6.3.2 La chambre n'est pas convaincue par cette argumentation car aucun de ces documents propres au domaine de l'invention ne fait référence à la surface spécifique des matériaux utilisés, si bien que l'homme du métier n'y trouvera aucune incitation à prospecter dans cette direction. En outre, la solution la plus évidente pour améliorer l'effet barrière de la gaine étant suggérée en colonne 4, lignes 50-59 du document D10, à savoir augmenter la quantité de substance réactive introduite dans la gaine, l'homme du métier partant de cet art antérieur n'aurait aucune incitation à chercher dans une autre direction. Et même, si aux fins d'argumentation et en faveur de la requérante, l'homme du métier choisissait des particules de surface spécifique relativement élevée pour améliorer l'effet barrière, il ne trouverait toujours pas d'incitation dans l'état de la technique cité (D10, D12, D13, D24 ou D25) pour choisir une surface spécifique supérieure à 5 m**(2)/g, telle que définie dans la revendication 1.
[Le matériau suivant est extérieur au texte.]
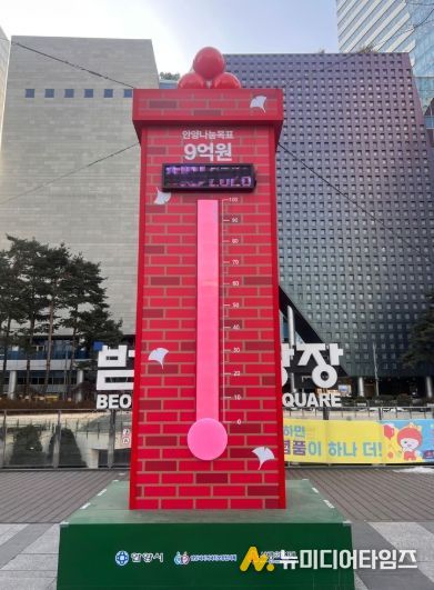 안양시는 범계역 광장에 설치된 ‘사랑의 온도탑’이 올해도 100도를 넘겼다고 4일 밝혔다. 지난해 12월 1일부터 올해 1월 31일까지 진행된 모금 결과, 시민과 기업의 참여로 온도는 최종 101도를 기록했다.

Pour la chambre, la valeur choisie de 5 m**(2)/g ne peut en outre pas être considérée comme arbitraire, car l'amélioration observée entre des surfaces spécifiques de 4 m**(2)/g et de 8 m**(2)/g (échantillons 7 et 8 à la page 17 de la réponse au recours) montre déjà une nette amélioration de l'effet de barrière de 21%.
6.3.3 Au demeurant, il est à noter que pour arriver à l'objet de la revendication 1, l'homme du métier devrait aller à l'encontre de la solution la plus évidente décrite dans D10 - à savoir mettre en oeuvre une quantité plus élevée de substance chimiquement active - puis il devrait sélectionner une gamme de surface spécifique (supérieure à 5 m**(2)/g) pour laquelle il n'y a par ailleurs aucune indication dans l'art antérieur cité.
Pour la chambre, il s'ensuit de ce qui précède que l'homme du métier cherchant à améliorer les propriétés anti-corrosives de la conduite selon D10 ne peut parvenir à l'objet de la revendication 1 en instance sauf à avoir recours à une analyse ex post facto qui suppose une connaissance préalable de la solution revendiquée.
6.4 La chambre en conclut que la combinaison de faits invoqués par la requérante est insuffisante pour prouver que l'objet selon la revendication 1 (et a fortiori celui des revendications 2 à 11 qui en dépendent) découle de manière évidente de l'enseignement des documents cités, si bien que la requête principale déposée au cours de la procédure orale devant la chambre satisfait aux exigences de la CBE.
Par ces motifs, il est statué comme suit
1. La décision attaquée est annulée.
2. L'affaire est renvoyée à la première instance avec l'ordre de maintenir le brevet sous forme modifiée sur la base des revendications 1 à 11 selon la nouvelle requête principale datée du 1er mars 2021, la description devant être adaptée.